Unnamed: 0,race,call
0,w,0.0
1,w,0.0
2,b,0.0
3,b,0.0
4,w,0.0


In [14]:
# number of callbacks for black-sounding names
sum(data[data.race=='b'].call)

157.0

# 1.What test is appropriate? Does CLT apply?

Hypothesis testing of the difference of two population proportions is appropriate, given that we are concerned as to whether the proportion of black resume responses differs from the proportion of white resume responses.  

Let's check to see if the CLT applies:

In [46]:
n_b=len(data[data.race=='b'])
n_w=len(data[data.race=='w'])
p_b=sum(data[data.race=='b'].call)/n_b
p_w=sum(data[data.race=='w'].call)/n_w
print 'Sample size of black resumes is: %r\n\
Sample size of white resumes is: %r\n\
Proportion of black resumes that received responses is %.3f\n\
Proportion of white resumes that received responses %.3f'%(n_b,n_w,p_b,p_w)

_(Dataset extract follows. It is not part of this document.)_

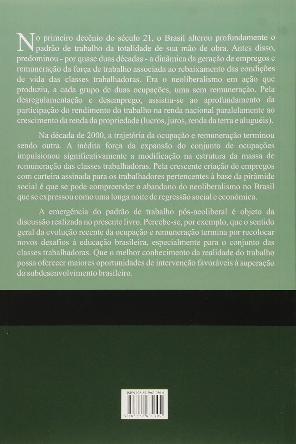 No primeiro decênio do século 21, o Brasil alterou profundamente o padrão de trabalho da totalidade de sua mãe de obra. Antes disso, predominou – por quase duas décadas – a dinâmica da geração de empregos e remuneração da força de trabalho associada ao rebaixamento das condições de vida das classes trabalhadoras. Era o neoliberalismo em ação que produziu, a cada grupo de duas ocupações, uma sem remuneração. Pela desregulamentação e desemprego, assistiu-se ao aprofundamento da participação do rendimento do trabalho na renda nacional paralelamente ao crescimento da renda da propriedade (lucros, renda da terra e aluguéis). na década de 2000, a trajetória da ocupação e remuneração terminou sendo outra. A inédita força de expansão do conjunto de ocupações impulsionou significativamente a modificação na estrutura da massa de remuneração das classes trabalhadoras. Pela crescente criação de empregos com carteira assinada para os trabalhadores pertencentes à base da pirâmide social é que se pode compreender o abandono do neoliberalismo no Brasil que se expressou como uma longa noite de regressão social econômica. A emergência do padrão de trabalho pós-neoliberal é objeto da discussão realizada no presente livre. Percebe-se, por exemplo, que o sentido geral da evolução recente da ocupação e remuneração termina por recolocar novos desafios à educação brasileira, especialmente para o conjunto do trabalho possa oferecer maiores oportunidades de intervenção favoráveis à superação do subdesenvolvimento brasileiro. (extraído de Amazon)

Sample size of black resumes is: 2435
Sample size of white resumes is: 2435
Proportion of black resumes that received responses is 0.064
Proportion of white resumes that received responses 0.097


If each of the number of white resume responses, white resume non-responses, black resume responses, black resume non-responses are all greater than 5, then the CLT applies and we can do hypothesis testing!  As you'll see below, they are all much greater than 5.

In [49]:
n_b*p_b, n_b*(1-p_b),n_w*p_w, n_w*(1-p_w)

(157.0, 2278.0, 235.0, 2200.0)

# 2. What are the null and alternate hypotheses?

**Null**: proportion of black resumes that received respones = proportion of white resumes that received responses

**Alternative**: proportion of black resume responses != proportion of white resume responses


# 3. Find margin of error, confidence interval, and p-value.

In [103]:
p_avg=(n_w*p_w+n_b*p_b)/(n_w+n_b)
standard_error=sqrt((p_avg*(1.0-p_avg))*((1.0/n_b)+(1.0/n_w)))
z=((p_w-p_b)-0)/standard_error
margin_of_error=1.96*sqrt((p_b*(1.0-p_b)/n_b)+(p_w*(1.0-p_w)/(n_w)))
conf_lower=(p_w-p_b)-margin_of_error
conf_upper=(p_w-p_b)+margin_of_error
p_value=(1.0-stats.norm.cdf(z))*2

In [102]:
print 'z: %.2f \n\
margin of error: %.3f \n\
95%% confidence interval: (%.3f, %.3f) \n\
p value: %.5f' %(z,margin_of_error,conf_lower,conf_upper,p_value)

z: 4.11 
margin of error: 0.015 
95% confidence interval: (0.017, 0.047) 
p value: 0.00004


# 4.  Discuss statistical significance.

We are 95% confident that the population proportion of white resumes that received responses is between .017 and .047 percentage points greater than the population proportion of black resumes that received respones.  

There is only a .004% likelihood of observing the observed difference in sample proportions or a difference more extreme assuming that the difference in population proportions is zero.  This low p value suggests that a greater proportion of white resumes receive responses compared with black resumes.